Template 2: The Scholarship CV
For students applying for scholarships and fellowships. Focus on academic achievements, research, leadership, and community impact.
Structure:
- Contact Information
- Personal Statement (3-4 sentences about your goals and qualifications)
- Education (detailed: thesis, research interests, academic honours)
- Research Experience (projects, methodologies, outcomes)
- Publications and Presentations (if any)
- Work Experience (focus on impact and leadership)
- Awards and Honours (scholarships, prizes, recognitions)

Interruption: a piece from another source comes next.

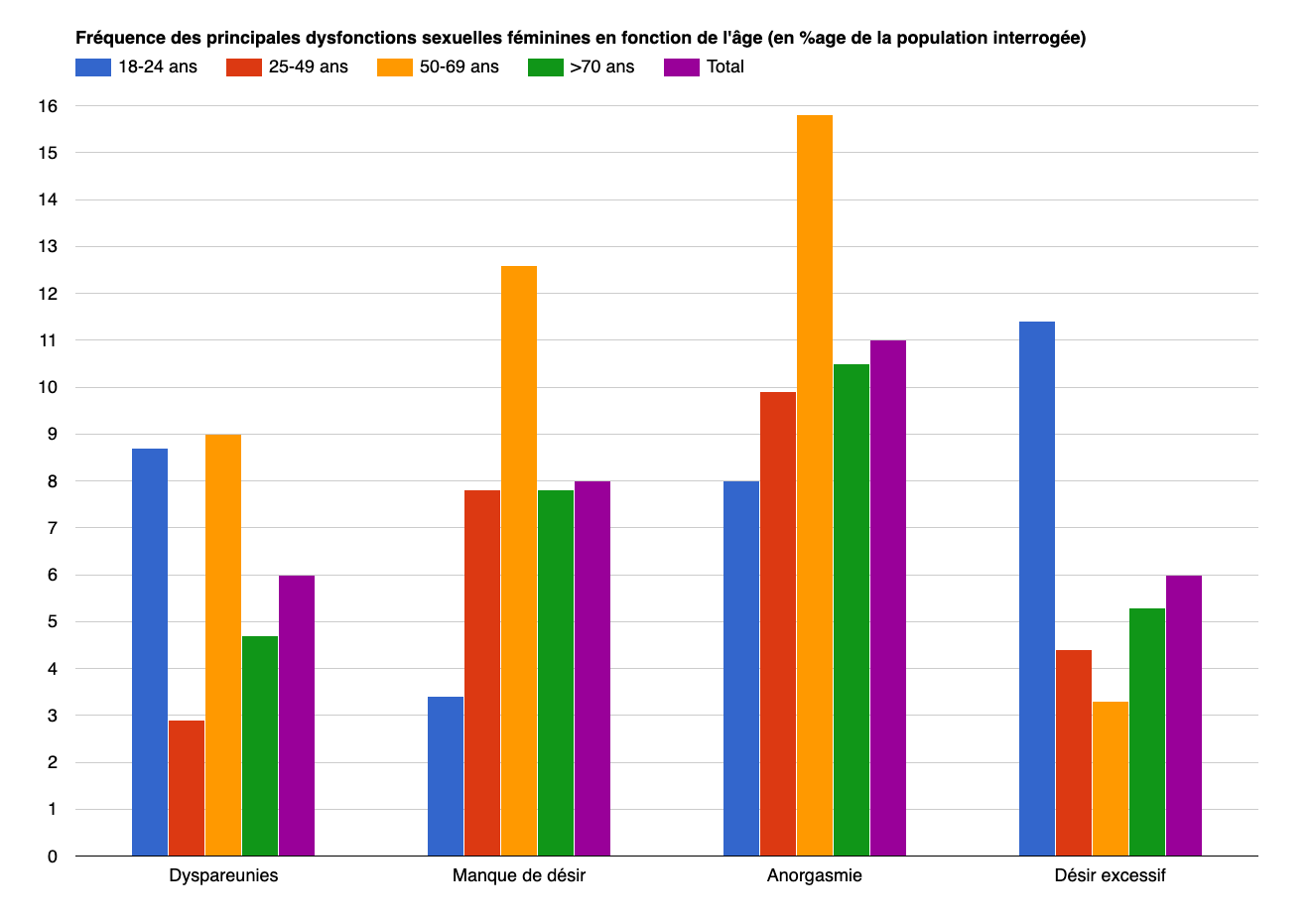 | Manque de désir | 3,40% | 7,80% | 12,60% | 7,80% | 8% |

- Community Service and Volunteer Work
- Skills (languages with proficiency levels, technical skills)
- References (2-3 academic referees)
Key tip: Scholarship CVs should be longer and more detailed than job resumes. Include your GPA, class rank (if strong), thesis title, and specific academic achievements. See our CV writing guide for more detail.
Template 3: The Graduate School CV
For students applying for master's or PhD programmes. Focus on research experience, academic fit, and scholarly potential.
Structure:
- Contact Information
- Research Interests (2-3 sentences)
- Education (detailed, with thesis and relevant coursework)

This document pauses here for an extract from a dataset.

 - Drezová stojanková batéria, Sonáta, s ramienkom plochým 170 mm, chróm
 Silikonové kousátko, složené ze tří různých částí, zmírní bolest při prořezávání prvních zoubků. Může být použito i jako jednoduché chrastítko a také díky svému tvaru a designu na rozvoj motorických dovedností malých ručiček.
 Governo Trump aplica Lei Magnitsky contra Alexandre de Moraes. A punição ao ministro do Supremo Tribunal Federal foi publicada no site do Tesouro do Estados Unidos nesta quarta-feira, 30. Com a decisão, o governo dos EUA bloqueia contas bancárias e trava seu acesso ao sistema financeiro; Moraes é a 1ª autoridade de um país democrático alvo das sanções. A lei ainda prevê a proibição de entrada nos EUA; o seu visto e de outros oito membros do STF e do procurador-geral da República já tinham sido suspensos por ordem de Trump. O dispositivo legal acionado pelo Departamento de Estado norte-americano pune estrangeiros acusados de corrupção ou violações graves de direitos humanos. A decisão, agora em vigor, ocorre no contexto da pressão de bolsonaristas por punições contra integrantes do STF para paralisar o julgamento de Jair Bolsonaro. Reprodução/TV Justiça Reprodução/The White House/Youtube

- Research Experience (detailed: projects, methods, findings, presentations)
- Publications
- Teaching Experience (if any)
- Work Experience (relevant only)
- Conference Presentations and Talks
- Awards, Grants, and Fellowships
- Professional Memberships
- Skills (lab techniques, software, languages)

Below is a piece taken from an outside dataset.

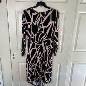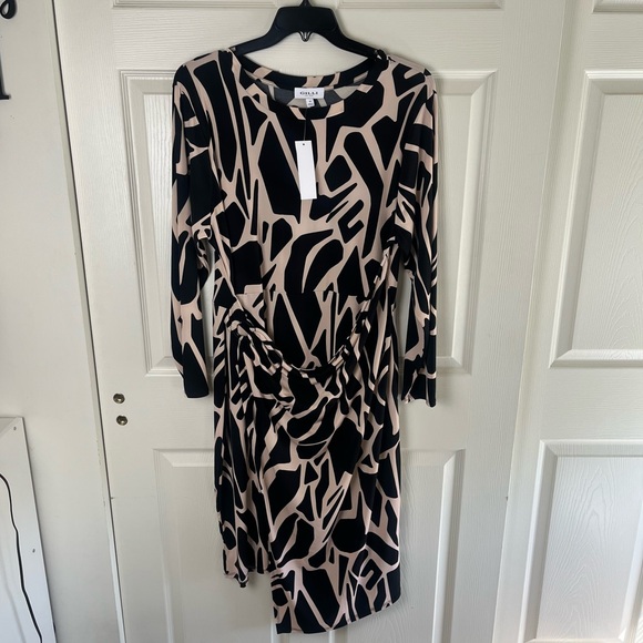 Step out in style with this elegant long sleeve dress featuring a striking black and tan pattern. Perfect for any occasion, this dress combines comfort with a bold design.

- References (3 academic referees)
Key tip: For PhD applications, your research experience section is the most important part of your CV. Detail every project, your specific contribution, the methodology, and the outcome. Mention any papers in preparation or under review.
Template 4: The ATS-Optimised Resume
For students applying through online portals where an ATS will screen the resume. See our full ATS resume guide for detailed advice.
Structure:
- Contact Information (simple, no graphics)
- Professional Summary (keyword-rich, 2-3 sentences)
- Skills (8-12 keywords matching the job description)
- Work Experience (reverse chronological, bullet points with keywords)
- Education
- Certifications
Key tip: No columns, no tables, no graphics. Single-column layout with standard headings. Keywords from the job description placed naturally throughout.
How to Customise Any Template
- Read the requirements. Before customising, read the job description, scholarship criteria, or programme requirements carefully.
- Prioritise relevance. Move the most relevant sections to the top. If applying for a research position, research experience comes before work experience.
- Quantify achievements. Replace vague descriptions with specific numbers: "Managed social media" becomes "Grew Instagram following by 140% over six months."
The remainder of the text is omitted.